By: AM Larks & AE Santana
Claudia Rankine is the author of five collections of poetry, two plays, numerous video collaborations, and is the editor of several anthologies. Rankine has won the PEN Open Book Award and the PEN Literary Award, the NAACP Award, and the National Book Critics Circle Award for Poetry, and was a finalist for the National Book Award for her book Citizen. Rankine is the recipient of the Poets & Writers’ Jackson Poetry Prize and fellowships from the Lannan Foundation and the National Endowment of the Arts, in addition to other honors and awards.

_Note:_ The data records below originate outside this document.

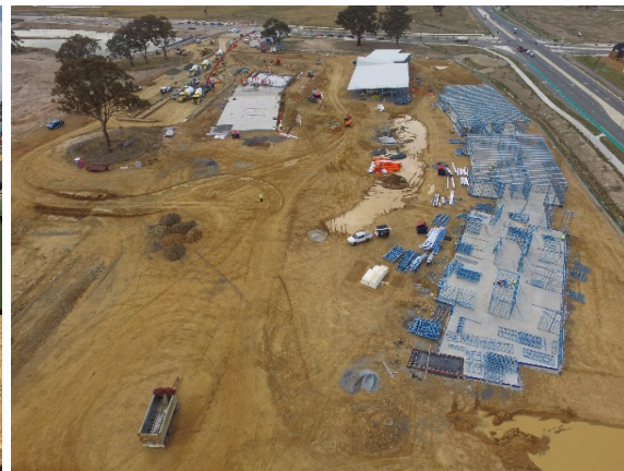
North Gungahlin school infrastructure
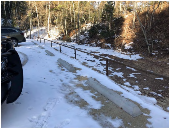
Aspens Trailhead Parking Lot at Red Grade

The BLM BFO has worked extensively with the Sheridan Community Land Trust (SCLT) to design ~5 miles of hiking and biking trails and one parking area/trailhead on the Red Grade parcel. The whole trail system falls on State, BLM and USFS lands, and the BLM is supporting SCLT with funds for trail construction. In 2022, SCLT completed construction of the Aspens Trailhead Parking Lot on BLM surface. This parking lot holds up to 10 vehicles and provides access to several hiking and biking trails.
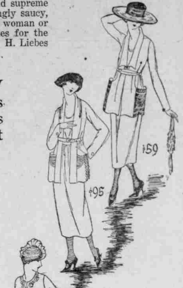
Navy Beige Checks Two-Color Effects

Representing the production of America's finest and most renowned makers of suits, in a comprehensive showing of the season's choicest modes. Individuality is secured in these suits, as in many cases there is only one of a kind.

The White Card by Claudia Rankine is two-scene play that features one black character, Charlotte Cummings, a Yale MFA graduate and a highly successful contemporary artist; and four white characters: Charles Hamilton Spencer, a “well-respected philanthropist” and “lover of contemporary art,” his wife Virginia Compton Spencer, the Spencers’ son Alex Compton-Spencer, an activist who is “deeply involved in current American politics,” and Eric Schmidt, the Spencers’ trusted art dealer. The Spencers invite Charlotte over to dinner in an attempt to convince her to sell her art to them.
The Coachella Review contributors A.E. Santana and A.M. Larks reviewed this play in an interview style with questions, responses, and replies in order to capture the conversation that theater, and specifically The White Card, is meant to evoke.